**Your assignment**
Scan the records below for the line containing "Krój rzymski z" and the line containing "A sad yellow". Copy both, plus every line between, exactly.

**Supplied material**
+ + + + + + +

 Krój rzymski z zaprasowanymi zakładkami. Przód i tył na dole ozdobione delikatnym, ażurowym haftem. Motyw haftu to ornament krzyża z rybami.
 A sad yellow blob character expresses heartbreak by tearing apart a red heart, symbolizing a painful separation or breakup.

+ + + + + + +

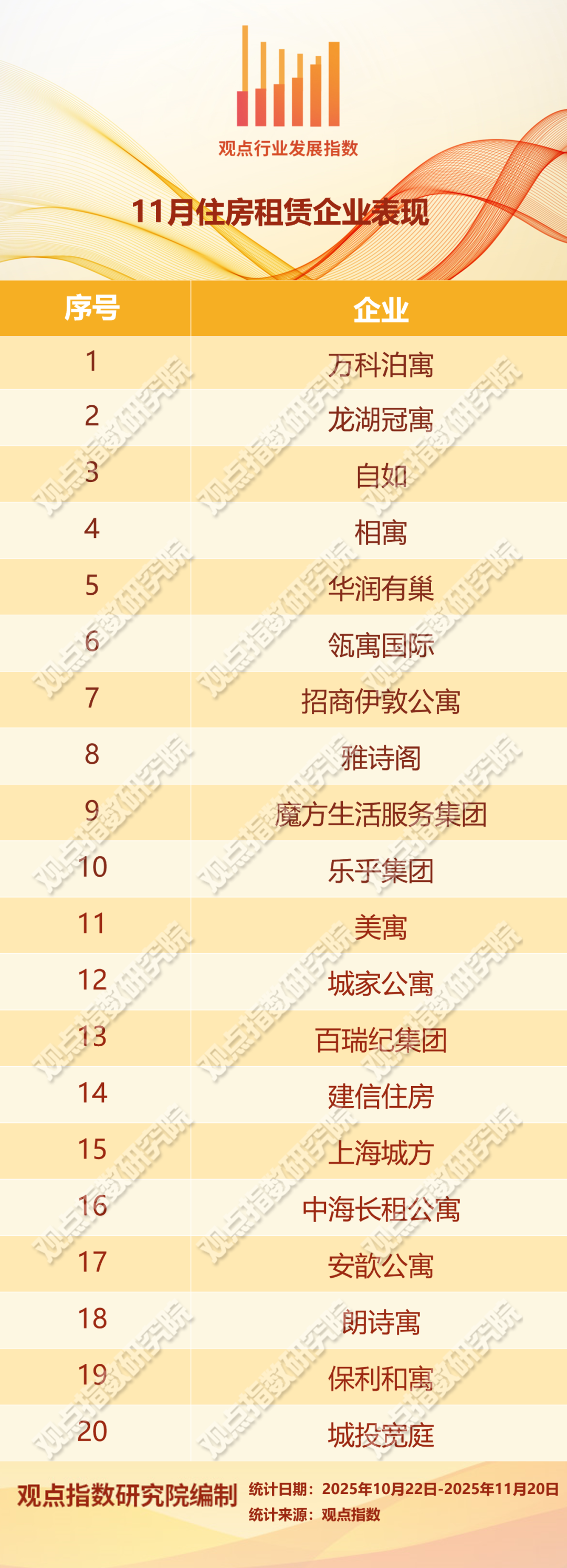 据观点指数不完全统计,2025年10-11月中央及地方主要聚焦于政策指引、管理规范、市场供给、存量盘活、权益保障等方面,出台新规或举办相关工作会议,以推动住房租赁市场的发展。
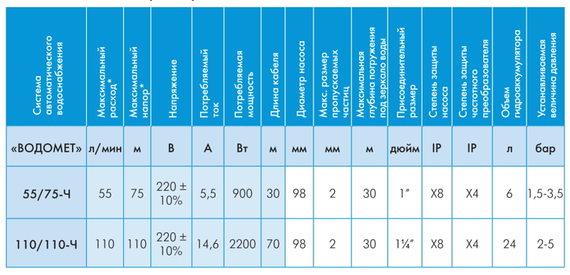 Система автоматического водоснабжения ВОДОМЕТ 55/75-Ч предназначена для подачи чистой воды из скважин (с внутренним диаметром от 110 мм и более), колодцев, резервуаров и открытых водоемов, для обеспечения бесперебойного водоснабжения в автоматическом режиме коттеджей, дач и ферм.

+ + + + + + +

**Answer to this task**
 Krój rzymski z zaprasowanymi zakładkami. Przód i tył na dole ozdobione delikatnym, ażurowym haftem. Motyw haftu to ornament krzyża z rybami.
 A sad yellow blob character expresses heartbreak by tearing apart a red heart, symbolizing a painful separation or breakup.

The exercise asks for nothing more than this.